Decoding Hillary Clinton’s interview on NPR’s “On Point”
By Dave Andrusko
You would think that being in the limelight since the late 1970s, Hillary Clinton would be more adroit in dealing with “the media.” As we talked about a couple of weeks ago, Mrs. Clinton, formerly both a United States senator and Secretary of State, started off her book tour on the wrong foot. Or, more accurately, with foot squarely placed in mouth.
Clinton, like her husband staunchly pro-abortion, took another run at it this week in an interview with NPR’s “On Point,” hosted that night by John Harwood. The interview, understandably, was primarily about her stint as Secretary of State, current foreign policy hotspots, and Harwood’s query “[I]s there a management deficit in this administration?” (Clinton deflected the question, instead blaming “gridlock and opposition to the president that started the first day he went into office”—aka “a political deficit.”)

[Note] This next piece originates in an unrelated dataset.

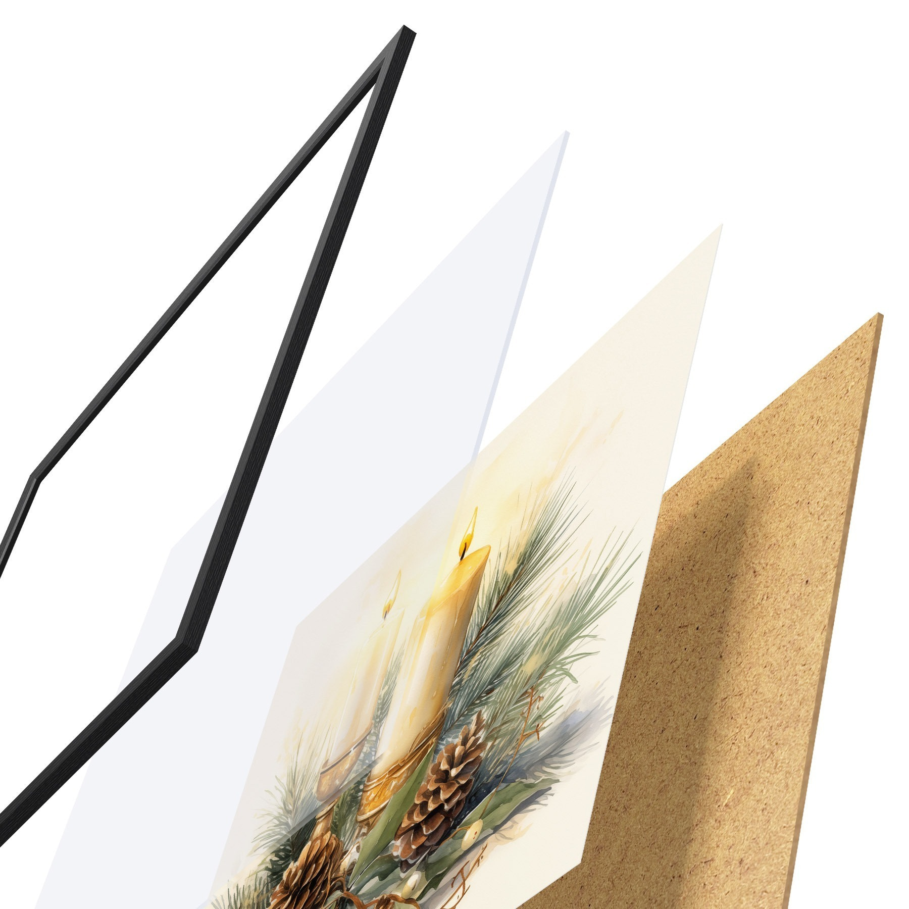 El póster consta de marco, plexiglás, imagen impresa y soporte de aglomerado. El póster puede colgarse inmediatamente en la pared gracias a los soportes de la parte posterior.

Harwood ended the interview with a reference to former New York Times editor Jill Abramson’s recent critical characterization of Clinton’s expectations of journalists:
“Last question, Madam Secretary,
before we run out of time. It’s about you and the press. Jill Abramson,
my longtime boss and friend, said recently, ‘Hillary Clinton has
terribly unrealistic expectations for journalists.’ And my question for
you is, have you been so scalded by your past interactions that it makes
you difficult for you to communicate in the way that you would need to
as a presidential candidate or otherwise?”
Clinton answered:
“Well, I don’t
think so. I think maybe one of the points Jill was making is that I do
sometimes expect more than perhaps I should, and I’ll have to work on my
expectations. But I had an excellent relationship with the State
Department press that followed me for four years and I enjoyed working
with them, and whatever I do in the future, I look forward to having the
same kind of opportunities.”
Where to begin?First, in her interview with POLITICO, what Abramson actually told Gail Sheehy last week was that Clinton was “incredibly unrealistic about journalists. She expects you to be 100 percent in her corner, especially women journalists.” Harwood conveniently left off the second sentence (and particularly the last three words), which is arguably the heart of Abramson’s critique, and certainly the most biting.

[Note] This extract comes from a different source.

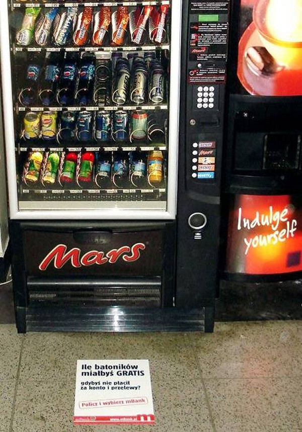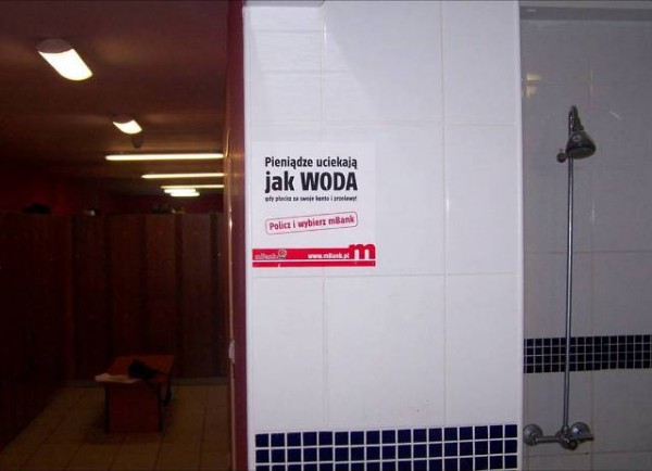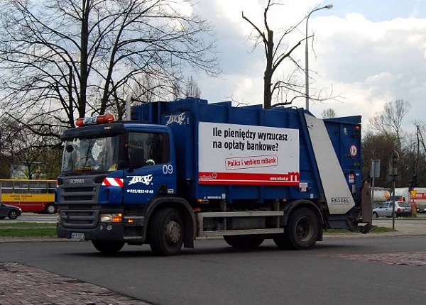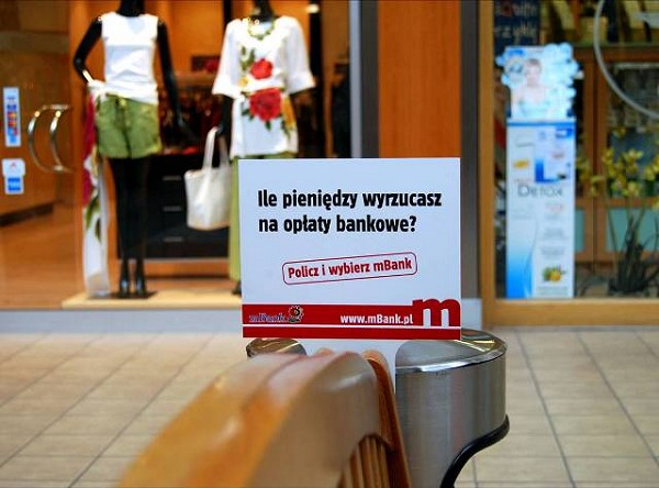 Placing ads on the trash bins is pretty popular among social organizations. Commercial companies don’t use it very often – probably because of the risky context. But in 2008 in Poland mBank (first electronic bank in Poland, part of the BRE Bank Group) ran a very successful campaign using bins and dustcarts as a medium. I say successful because 52,5% respondents said that campaign was standing out of the other banks campaigns and almost 80% said that it can inspire somebody to change their bank for mBank. The campaign was based on a concept of wasting money. Apart from the trash bins and dustcarts mBank used also other ambient media. See examples and results of the campaign below.

Second, far from being “scalded,” most of the time Mrs. Clinton luxuriates in a bath of highly favorably media coverage. She has trouble when she makes the most incredibly insensitive, elitist statements. That is, when she isn’t questioning the competence of reporters, which is not a formula for making friends.

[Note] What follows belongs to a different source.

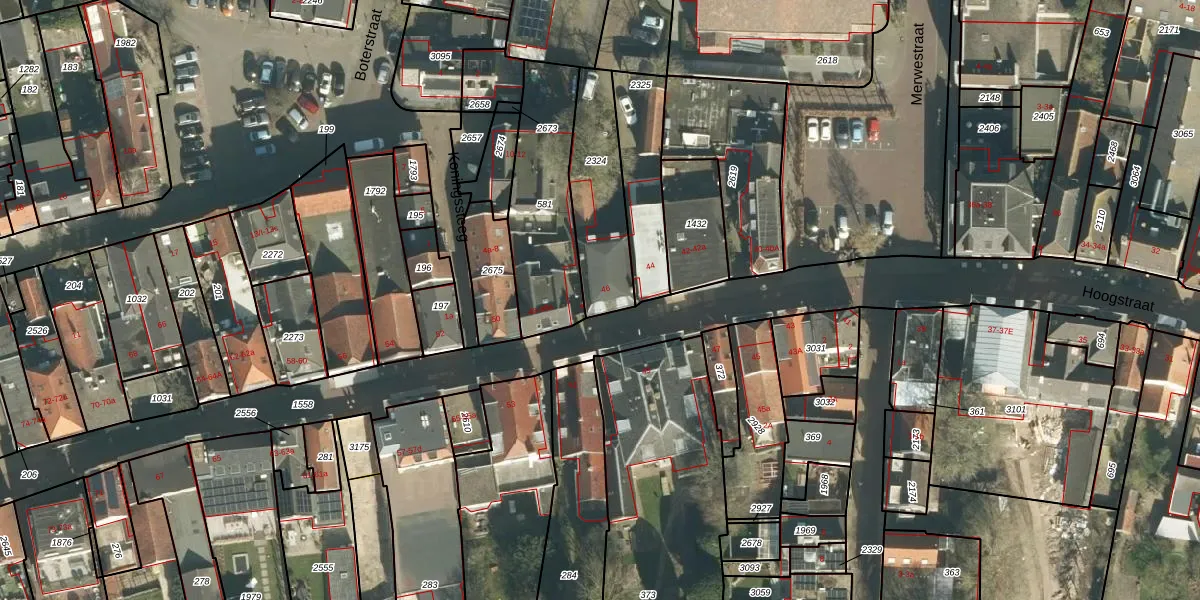 Het perceel waarop Hoogstraat 46 staat heeft een oppervlakte van 326 m². Dit is een groot perceel. De perceeloppervlakte wordt geregistreerd door het Kadaster. Gedetailleerde informatie over de maten van dit perceel kunt u vinden in het rapport Kadastrale kaart met maatvoering van Hoogstraat 46.

For example, if Clinton had “an excellent relationship with the State Department press that followed me for four years,” what’s the implication?
I wrote about this back in June in “Hillary Clinton, gaffes, and the list of all-purpose excuses.”
Her apologists strongly suggest that her problems (if there actually are any) with the political press is that they are not the sharpest knives in the drawer. Or as Carl Bernstein (who wrote a boilerplate book about Hillary Clinton) put it, “Part of her problem goes to her mistrust, justified in significant measure, of the press, and its difficulty in handling complexity and ambiguity in context.”
That is arguably one of the silliest, most disingenuous comments you will ever read. Hillary Clinton utters these clunkers (such as coming out of the White House dead broke,” indeed in debt) because she’s been forced to reduce “complexity and ambiguity” into language those dolts in the press can handle? Please.
The important thing to remember is that it is significant that even this far out, Clinton is the acknowledged front-runner to be her party’s 2016 presidential nominee. No matter how many gaffes—once memorably defined as “when a politician tells the truth”—Clinton has many protectors in the media and they will do everything possible to explain away her forays into truth-telling.